(Source information begins)
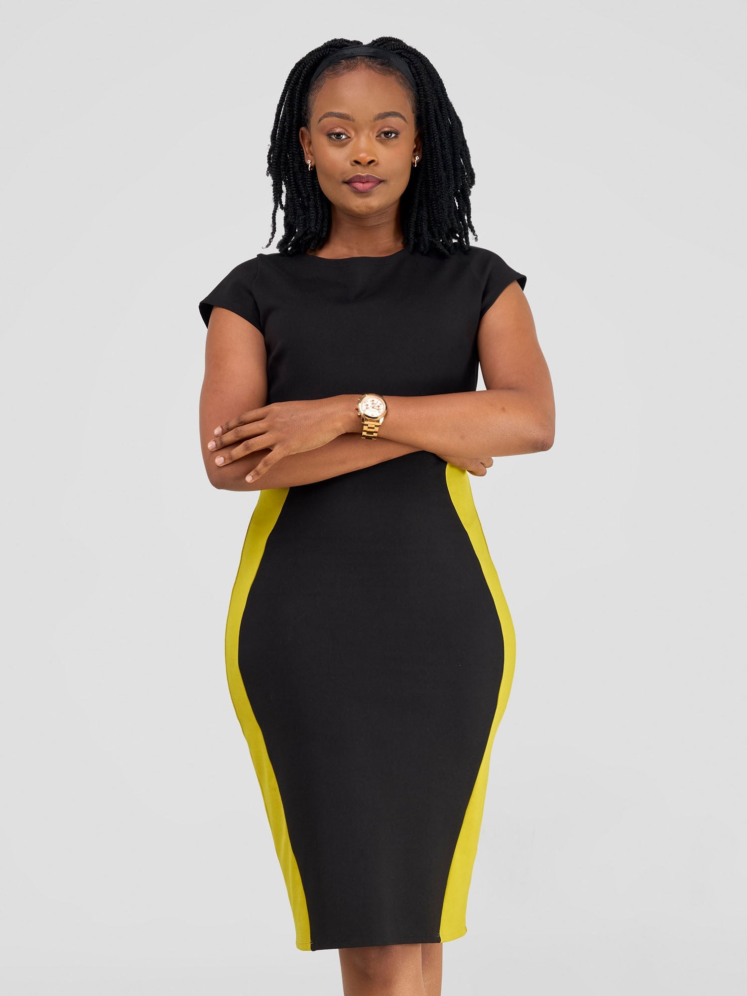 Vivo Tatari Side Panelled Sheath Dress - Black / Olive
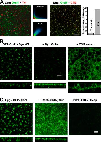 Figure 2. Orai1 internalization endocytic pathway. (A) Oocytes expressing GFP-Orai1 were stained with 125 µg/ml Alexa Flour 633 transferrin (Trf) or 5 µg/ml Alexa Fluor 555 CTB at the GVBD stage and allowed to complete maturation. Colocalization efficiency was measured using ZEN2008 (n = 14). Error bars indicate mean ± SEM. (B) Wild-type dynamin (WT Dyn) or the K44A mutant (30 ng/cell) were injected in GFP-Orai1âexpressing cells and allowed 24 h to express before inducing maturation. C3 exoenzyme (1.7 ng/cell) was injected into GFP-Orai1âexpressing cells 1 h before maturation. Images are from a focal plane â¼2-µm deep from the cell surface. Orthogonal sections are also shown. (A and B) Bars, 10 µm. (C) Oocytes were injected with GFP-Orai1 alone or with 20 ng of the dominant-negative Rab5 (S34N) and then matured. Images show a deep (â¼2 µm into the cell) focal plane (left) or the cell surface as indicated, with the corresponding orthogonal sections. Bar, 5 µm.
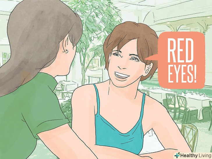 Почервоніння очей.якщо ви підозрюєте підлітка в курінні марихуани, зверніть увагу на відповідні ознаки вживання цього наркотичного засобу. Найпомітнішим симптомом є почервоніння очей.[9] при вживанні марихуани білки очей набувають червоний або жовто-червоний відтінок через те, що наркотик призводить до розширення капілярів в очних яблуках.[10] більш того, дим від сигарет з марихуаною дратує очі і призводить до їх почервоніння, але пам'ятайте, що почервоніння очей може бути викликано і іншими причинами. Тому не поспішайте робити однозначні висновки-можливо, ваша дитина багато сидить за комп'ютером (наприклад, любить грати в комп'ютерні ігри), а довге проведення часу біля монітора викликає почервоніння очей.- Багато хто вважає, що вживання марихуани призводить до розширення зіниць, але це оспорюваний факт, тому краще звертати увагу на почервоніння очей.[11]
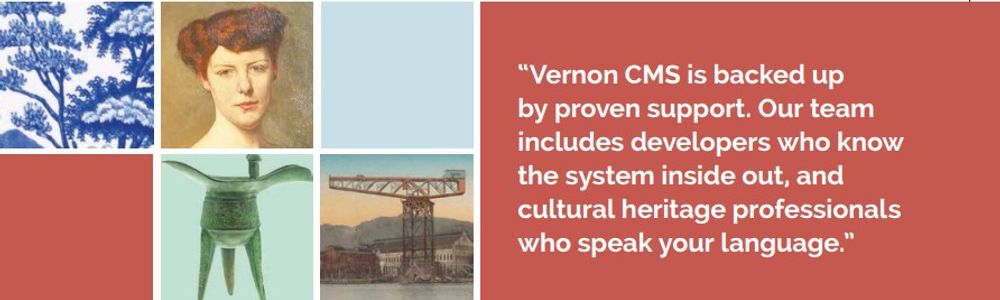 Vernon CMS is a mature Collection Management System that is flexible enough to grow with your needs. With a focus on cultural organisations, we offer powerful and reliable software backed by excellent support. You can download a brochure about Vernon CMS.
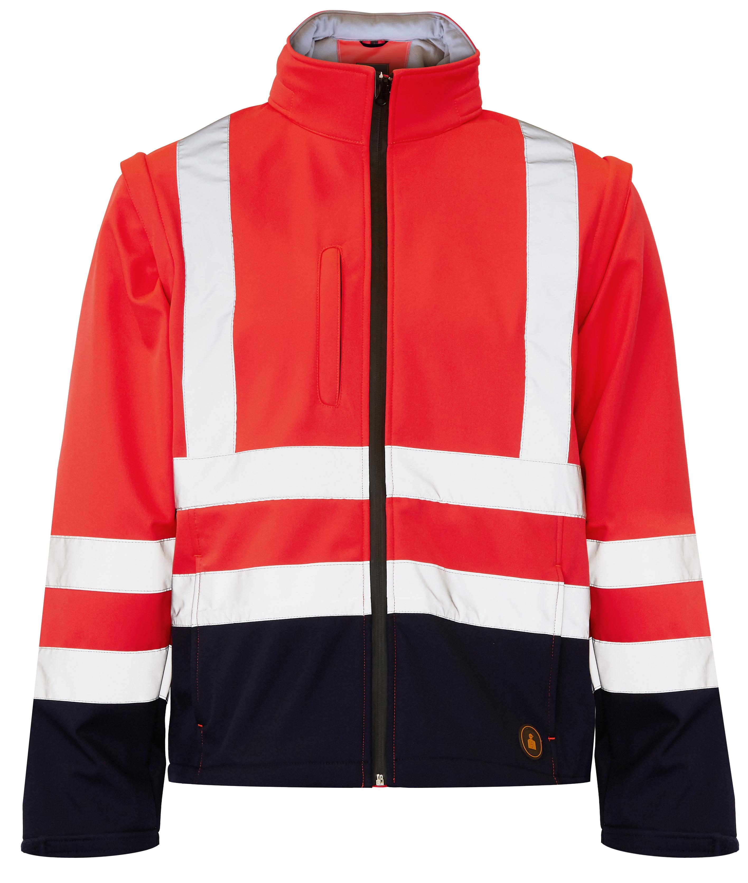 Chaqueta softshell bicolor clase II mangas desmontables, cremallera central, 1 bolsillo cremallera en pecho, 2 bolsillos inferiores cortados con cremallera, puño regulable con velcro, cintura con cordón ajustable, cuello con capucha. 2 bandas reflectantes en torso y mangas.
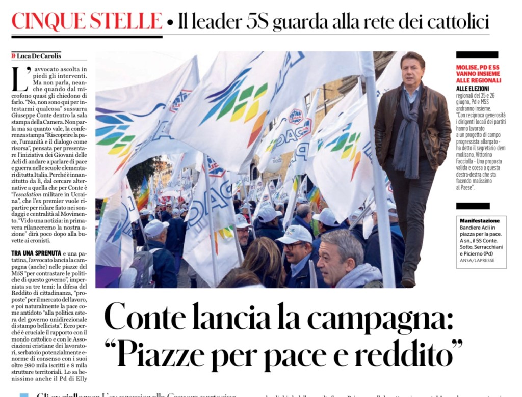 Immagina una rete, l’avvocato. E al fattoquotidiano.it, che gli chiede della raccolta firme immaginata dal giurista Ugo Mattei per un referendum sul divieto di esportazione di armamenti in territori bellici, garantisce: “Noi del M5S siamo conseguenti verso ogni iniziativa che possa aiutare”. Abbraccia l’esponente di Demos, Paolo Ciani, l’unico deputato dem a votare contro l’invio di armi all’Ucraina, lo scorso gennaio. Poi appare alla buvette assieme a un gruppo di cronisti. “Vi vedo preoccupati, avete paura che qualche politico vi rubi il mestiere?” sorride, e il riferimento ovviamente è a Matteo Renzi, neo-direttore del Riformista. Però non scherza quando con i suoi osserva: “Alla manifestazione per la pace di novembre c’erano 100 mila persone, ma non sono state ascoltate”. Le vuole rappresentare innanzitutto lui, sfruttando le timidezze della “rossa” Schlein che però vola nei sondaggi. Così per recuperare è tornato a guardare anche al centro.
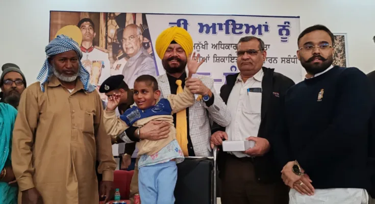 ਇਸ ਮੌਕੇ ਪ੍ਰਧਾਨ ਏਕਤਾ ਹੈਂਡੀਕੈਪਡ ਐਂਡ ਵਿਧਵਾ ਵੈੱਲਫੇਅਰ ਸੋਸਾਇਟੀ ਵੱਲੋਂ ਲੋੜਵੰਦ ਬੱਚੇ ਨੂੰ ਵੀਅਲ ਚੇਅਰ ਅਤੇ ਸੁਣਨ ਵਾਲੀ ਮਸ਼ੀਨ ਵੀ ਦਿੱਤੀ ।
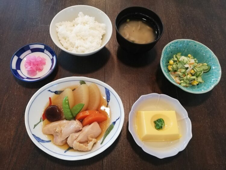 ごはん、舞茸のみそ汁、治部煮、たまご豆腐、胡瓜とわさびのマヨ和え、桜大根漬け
(Source information ends)
Assigned task ▸ Everything in the data above, apart from the pictures, should be retyped exactly.

Final answer ▸
 Vivo Tatari Side Panelled Sheath Dress - Black / Olive
 Figure 2. Orai1 internalization endocytic pathway. (A) Oocytes expressing GFP-Orai1 were stained with 125 µg/ml Alexa Flour 633 transferrin (Trf) or 5 µg/ml Alexa Fluor 555 CTB at the GVBD stage and allowed to complete maturation. Colocalization efficiency was measured using ZEN2008 (n = 14). Error bars indicate mean ± SEM. (B) Wild-type dynamin (WT Dyn) or the K44A mutant (30 ng/cell) were injected in GFP-Orai1âexpressing cells and allowed 24 h to express before inducing maturation. C3 exoenzyme (1.7 ng/cell) was injected into GFP-Orai1âexpressing cells 1 h before maturation. Images are from a focal plane â¼2-µm deep from the cell surface. Orthogonal sections are also shown. (A and B) Bars, 10 µm. (C) Oocytes were injected with GFP-Orai1 alone or with 20 ng of the dominant-negative Rab5 (S34N) and then matured. Images show a deep (â¼2 µm into the cell) focal plane (left) or the cell surface as indicated, with the corresponding orthogonal sections. Bar, 5 µm.
 Почервоніння очей.якщо ви підозрюєте підлітка в курінні марихуани, зверніть увагу на відповідні ознаки вживання цього наркотичного засобу. Найпомітнішим симптомом є почервоніння очей.[9] при вживанні марихуани білки очей набувають червоний або жовто-червоний відтінок через те, що наркотик призводить до розширення капілярів в очних яблуках.[10] більш того, дим від сигарет з марихуаною дратує очі і призводить до їх почервоніння, але пам'ятайте, що почервоніння очей може бути викликано і іншими причинами. Тому не поспішайте робити однозначні висновки-можливо, ваша дитина багато сидить за комп'ютером (наприклад, любить грати в комп'ютерні ігри), а довге проведення часу біля монітора викликає почервоніння очей.- Багато хто вважає, що вживання марихуани призводить до розширення зіниць, але це оспорюваний факт, тому краще звертати увагу на почервоніння очей.[11]
 Vernon CMS is a mature Collection Management System that is flexible enough to grow with your needs. With a focus on cultural organisations, we offer powerful and reliable software backed by excellent support. You can download a brochure about Vernon CMS.
 Chaqueta softshell bicolor clase II mangas desmontables, cremallera central, 1 bolsillo cremallera en pecho, 2 bolsillos inferiores cortados con cremallera, puño regulable con velcro, cintura con cordón ajustable, cuello con capucha. 2 bandas reflectantes en torso y mangas.
 Immagina una rete, l’avvocato. E al fattoquotidiano.it, che gli chiede della raccolta firme immaginata dal giurista Ugo Mattei per un referendum sul divieto di esportazione di armamenti in territori bellici, garantisce: “Noi del M5S siamo conseguenti verso ogni iniziativa che possa aiutare”. Abbraccia l’esponente di Demos, Paolo Ciani, l’unico deputato dem a votare contro l’invio di armi all’Ucraina, lo scorso gennaio. Poi appare alla buvette assieme a un gruppo di cronisti. “Vi vedo preoccupati, avete paura che qualche politico vi rubi il mestiere?” sorride, e il riferimento ovviamente è a Matteo Renzi, neo-direttore del Riformista. Però non scherza quando con i suoi osserva: “Alla manifestazione per la pace di novembre c’erano 100 mila persone, ma non sono state ascoltate”. Le vuole rappresentare innanzitutto lui, sfruttando le timidezze della “rossa” Schlein che però vola nei sondaggi. Così per recuperare è tornato a guardare anche al centro.
 ਇਸ ਮੌਕੇ ਪ੍ਰਧਾਨ ਏਕਤਾ ਹੈਂਡੀਕੈਪਡ ਐਂਡ ਵਿਧਵਾ ਵੈੱਲਫੇਅਰ ਸੋਸਾਇਟੀ ਵੱਲੋਂ ਲੋੜਵੰਦ ਬੱਚੇ ਨੂੰ ਵੀਅਲ ਚੇਅਰ ਅਤੇ ਸੁਣਨ ਵਾਲੀ ਮਸ਼ੀਨ ਵੀ ਦਿੱਤੀ ।
 ごはん、舞茸のみそ汁、治部煮、たまご豆腐、胡瓜とわさびのマヨ和え、桜大根漬け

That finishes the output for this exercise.